Task input:
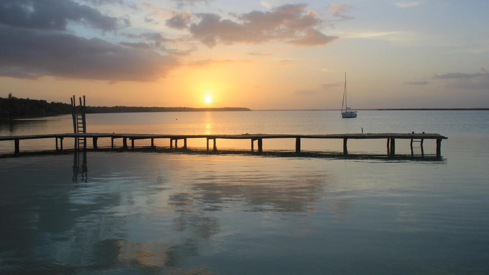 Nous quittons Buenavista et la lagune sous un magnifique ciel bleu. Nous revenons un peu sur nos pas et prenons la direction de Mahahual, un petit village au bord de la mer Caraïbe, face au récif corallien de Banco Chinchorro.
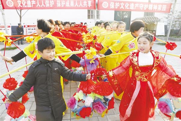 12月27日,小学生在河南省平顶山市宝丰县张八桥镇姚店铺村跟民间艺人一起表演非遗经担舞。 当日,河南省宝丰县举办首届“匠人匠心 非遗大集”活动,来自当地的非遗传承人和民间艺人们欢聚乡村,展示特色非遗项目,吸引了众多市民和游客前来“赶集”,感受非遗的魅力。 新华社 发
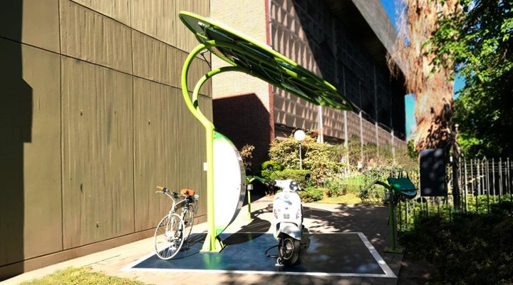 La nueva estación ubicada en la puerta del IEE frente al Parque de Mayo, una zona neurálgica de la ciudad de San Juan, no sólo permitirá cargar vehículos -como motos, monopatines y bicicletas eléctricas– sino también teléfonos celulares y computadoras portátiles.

...

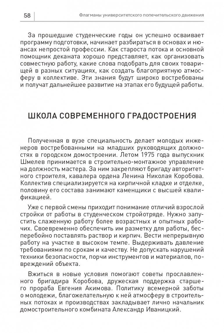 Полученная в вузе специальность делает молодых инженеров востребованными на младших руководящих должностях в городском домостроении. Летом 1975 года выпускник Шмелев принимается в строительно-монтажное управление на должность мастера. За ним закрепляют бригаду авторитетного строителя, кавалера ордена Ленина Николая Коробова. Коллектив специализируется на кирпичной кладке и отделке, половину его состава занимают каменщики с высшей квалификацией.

What you have to do: The answer should consist only of the lines above from the one with "Nous quittons Buenavista" through the one with "La nueva estación", repeated exactly, with no pictures among them.

Task result:
 Nous quittons Buenavista et la lagune sous un magnifique ciel bleu. Nous revenons un peu sur nos pas et prenons la direction de Mahahual, un petit village au bord de la mer Caraïbe, face au récif corallien de Banco Chinchorro.
 12月27日,小学生在河南省平顶山市宝丰县张八桥镇姚店铺村跟民间艺人一起表演非遗经担舞。 当日,河南省宝丰县举办首届“匠人匠心 非遗大集”活动,来自当地的非遗传承人和民间艺人们欢聚乡村,展示特色非遗项目,吸引了众多市民和游客前来“赶集”,感受非遗的魅力。 新华社 发
 La nueva estación ubicada en la puerta del IEE frente al Parque de Mayo, una zona neurálgica de la ciudad de San Juan, no sólo permitirá cargar vehículos -como motos, monopatines y bicicletas eléctricas– sino también teléfonos celulares y computadoras portátiles.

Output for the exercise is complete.